TMCxDigitalHealth2018
Trusted Health CEO Matthew Pierce speaks at the annual TMCx Demo Day event in 2018. Photo by Cody Duty.
Innovation

For TMCx alum Trusted Health, “nurses aren’t a commodity”

The San Francisco-based company is gaining attention for its innovative approach to nurse staffing

For TMCx alum Trusted Health, “nurses aren’t a commodity”

4 Minute Read

Karen Jones is looking for her next adventure. The Louisiana-based nurse, 54, is wrapping up her second 13-week stint at Texas Children’s Hospital in The Woodlands. Next up: 13 weeks at a hospital in Washington state. And after that—who knows? She’d love to treat patients in Hawaii, New York or Miami, and she’s in the phase of her life where she can travel anywhere she wants.

“My husband and I have an empty nest for the first time in 29 years,” Jones said, contemplating her next destination.

Jones is part of a cadre of health care professionals known as travel nurses who take short-term jobs across the country, filling the gap for hospitals and other health care providers that face temporary staff shortages. In some cases, they’re younger professionals who aren’t bound by family or homeownership to a specific location. Others, like Jones, are exploring newfound freedom after their children leave home.

The arrangement gives nurses the chance to explore the country and gain new professional experiences. And it allows employers to respond quickly when their staffing is affected by turnover, new facility openings, natural disasters or seasonal fluctuations.

San Francisco-based Trusted Health is Jones’ 21st-century matchmaker, and the company is attracting significant investment for its innovative approach. Part of the Texas Medical Center’s TMCx accelerator in 2018, Trusted Health received investment from the TMC Venture Fund. In May, the company announced it had closed a $20 million funding round. Earlier this year, Trusted Health reported that more than 1,000 nurses per week were signing up for its platform.

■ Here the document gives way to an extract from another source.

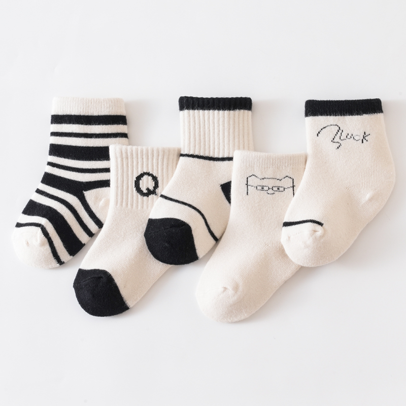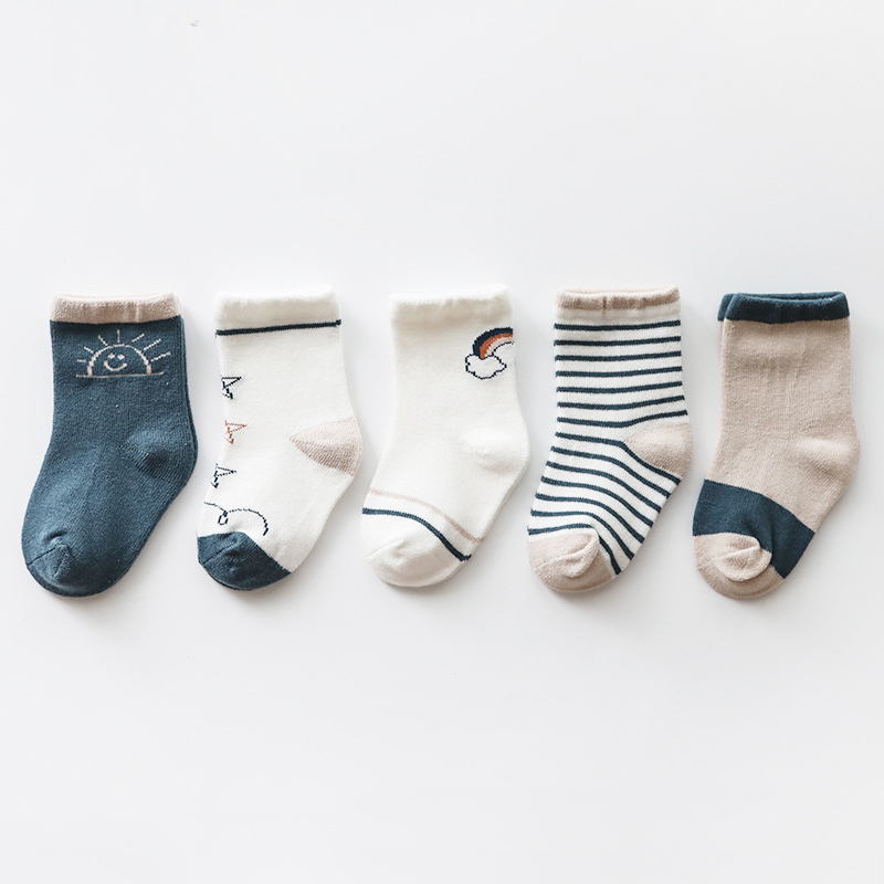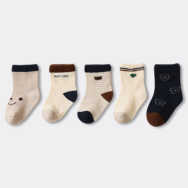 Cartoon Bear Baby 5 Pares Meias Elásticas De Algodão Macio Para Crianças De 0 A 5 Anos

“For us to have an impact on health care is such an incredible mission,” said co-founder and president Matthew Pierce. “If we really connect people to opportunities in a much more efficient way, we can have an incredible impact on an industry that needs it.”

Travel nurses, Pierce said, want flexibility, autonomy and new experiences. He cites one group of Trusted nurses that works in San Diego in the winter and Colorado in the spring.

Pierce’s company didn’t invent the industry, but it streamlined the process of recruiting and hiring travel nurses using a two-pronged approach. Its app—similar to a dating app—introduces nurses to potential job opportunities based on their background and preferences. Then, during the hiring process, Trusted employs clinicians called “nurse advocates” to offer a human touch. In the past, nurses found short-term jobs through recruiters. Trusted’s approach, Pierce said, is a much-needed alternative. “The old, antiquated way is you’re held hostage and have to get on the phone with the recruiter,” Pierce said. “The recruiter is haggling with you. The recruiter doesn’t have a clinical background, and you’re struggling to get information.”

Unlike traditional recruiters, Trusted employees aren’t paid based on commissions or quotas, company leaders said. As a result, they aren’t pressured to get a nurse contract signed at all costs.

Jones, the Louisiana nurse, said Trusted’s approach is unique, since the use of technology streamlines a process that can be cumbersome.

She also said other nurse recruiters are known to harangue nurses, while Trusted has a softer approach.

Nurses input their background information onto the platform and are presented with job options based on their preferences, including when they want to work, their specialty and their preferred locations. If they like what they see, they can request an interview. Trusted’s “nurse advocates” screen the nurses to make sure they’re the right fit.

If all works out, Trusted handles licensing, benefits and payroll. Trusted—not the health care provider—pays the nurses.

“Trusted sends you an email with [job] matches,” Jones explained. “You apply if you want to and you don’t if you don’t want to. It’s very technologically savvy.”

She also texts regularly with her “nurse advocate,” which she says is helpful because their schedules don’t align. (Jones works nights.)

“The whole process is just so easy,” said Jones, who secured her gig with Texas Children’s Hospital just 24 hours after applying through Trusted.

The company is starting to explore “on-demand” nursing assignments—think Uber for nursing. It’s also developing a platform that connects directly to health care providers’ scheduling and human resources systems.

Sarah Gray, Trusted Health’s founding nurse and head of clinical operations, said the company is responding to the changing demands of the nursing workforce. “What a nurse wants, values, and cares about—and the tools they expect to manage their careers—has really evolved,” she said. “We saw Trusted as an opportunity to be a fresh face for the profession and empower nurses to take control over their careers and perceive themselves as the professionals that they are.”

The company works to build communities of travel nurses in their new cities, organizes events for them and promotes respect and dignity for the profession through its marketing channels.

“That’s what really draws nurses to Trusted,” Gray said. “The relevance, the technology, the ease, the seamlessness, our ‘nurses first’ mission and brand. To us, nurses aren’t a commodity.”